Я ничего ей не ответил, на сердце была каменная тяжесть, и теперь, когда все свершилось, я чувствовал, что у меня нет сил. Но мы вместе с Хармианой подняли мертвую Клеопатру и положили на золотое ложе. Хармиана надела на ее матовый, как слоновая кость, лоб венец в виде золотого урея, расчесала волосы цвета безлунной и беззвездной ночи, в которых не было ни единой серебряной пряди, закрыла навсегда глаза, в которых еще совсем недавно синело и бушевало переменчивое море. Она сложила похолодевшие руки на груди, в которой оттрепетала страсть, выпрямила согнувшиеся в коленях ноги, расправила складки роскошного вышитого платья, поставила в головах цветы. Сейчас, в холодном величии смерти, Клеопатра была еще прекраснее, чем в лучезарном сиянии полноты жизни и счастья.
Мы отошли и посмотрели на нее, на мертвую Ираду у ее ног.
— Все, конец, — проговорила Хармиана, — мы отомстили, Гармахис, и что теперь? Пойдем за ней? — Она кивнула в сторону фиала, стоявшего на столе.
— Нет, Хармиана. Я умру, но умру куда более мучительной смертью. Мой срок земного искупления еще не кончился, а сам я не могу его прервать.
— Ты лучше знаешь, как тебе поступить, Гармахис. А я — я сейчас уйду из этой жизни, и крылья смерти унесут меня легко и быстро. Я свою игру сыграла. И тоже искупила свою вину. О, какая горькая мне выпала судьба — я принесла несчастье всем, кого любила, и вот теперь я умираю, и ни одна душа не вспомнит обо мне с любовью! Я искупила свою вину перед тобой, Гармахис; я искупила вину перед разгневанными богами; теперь мне надо заслужить прощенье Клеопатры там, в аду, где она сейчас и куда я последую за ней. Гармахис, ведь она меня любила; и теперь, когда ее нет, я поняла, что после тебя я любила ее больше всех на свете. И потому я наполню сейчас кубок, из которого она пила с Ирадой! — Хармиана взяла фиал и недрогнувшей рукой вылила в кубок остатки яда.
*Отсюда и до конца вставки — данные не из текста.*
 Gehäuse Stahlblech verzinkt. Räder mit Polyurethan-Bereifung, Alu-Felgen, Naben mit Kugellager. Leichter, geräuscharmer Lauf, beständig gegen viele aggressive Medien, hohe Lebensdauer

— Подумай, Хармиана, — сказал я, — ведь ты еще так молода, перед тобою вся жизнь; ты спрячешь эти горестные воспоминания глубоко в сердце и будешь жить много, много лет.
— Да, я могла бы, но не хочу. Жить, терзаемая памятью о сотворенном зле, носить в душе незаживающую рану скорби, которая будет год за годом кровоточить бессонными ночами, жить, умирая от стыда, жить под невыносимым бременем любви, которую я не в силах вырвать из сердца, жить одиноко, точно искалеченное бурей дерево на краю пустыни, которое скрипит от ветра и ждет, когда в него ударит молния, а молния все медлит, — нет, Гармахис, такая жизнь не для меня! Моя душа давно умерла, я лишь продолжала существовать, чтобы служить тебе; теперь я тебе больше не нужна и потому умру. Прощай, прощай навек! Никогда больше я не увижу твоего лица. Тебя не будет там, куда я ухожу. Ведь ты не любишь меня, ты по-прежнему любишь эту царственную женщину, которую ты загнал до смерти, как гончая. Но ее ты никогда не завоюешь, как мне никогда не завоевать тебя, — как беспощадно распорядилась нами Судьба! Послушай, Гармахис, пока я еще не умерла и не превратилась для тебя в постыдное воспоминанье, я хочу молить тебя о милости. Скажи мне, что ты простил меня, насколько это в твоей власти — прощать, и в знак прощения поцелуй меня, не как влюбленный, о нет, просто поцелуй в лоб, и тогда я отойду с миром.
Она подошла ко мне и протянула руки, губы ее дрожали от сдерживаемых слез, глаза не отрывались от моего лица.
— Хармиана, в нашей воле выбрать путь добра или зла, — ответил я, — но я уверен, что нашими судьбами управляет иная, высшая Судьба, она, точно ураган, принесшийся неведомо откуда, вдруг подхватывает наши утлые ладьи, и, как бы мы ни боролись с ветром, разбивает их и топит. Я прощаю тебя, Хармиана, как, надеюсь, когда-нибудь боги простят меня, и этим поцелуем, первым и последним, скрепляю мир между тобой и мной. — И я коснулся губами ее лба.
Она молчала, только стояла неподвижно, и долго, печально смотрела на меня. Потом подняла кубок.
— Царственный Гармахис, этот яд я пью за твое здоровье. Мне надо было выпить его раньше, до того, как я увидела тебя! Прощай же, фараон! Когда минуют сроки искупления, ты будешь править высшими мирами, куда мне нет пути, и скипетр в твоих руках будет скипетром божества, царский жезл, которого я тебя лишила, — пустая игрушка рядом с ним. Прощай, навек прощай!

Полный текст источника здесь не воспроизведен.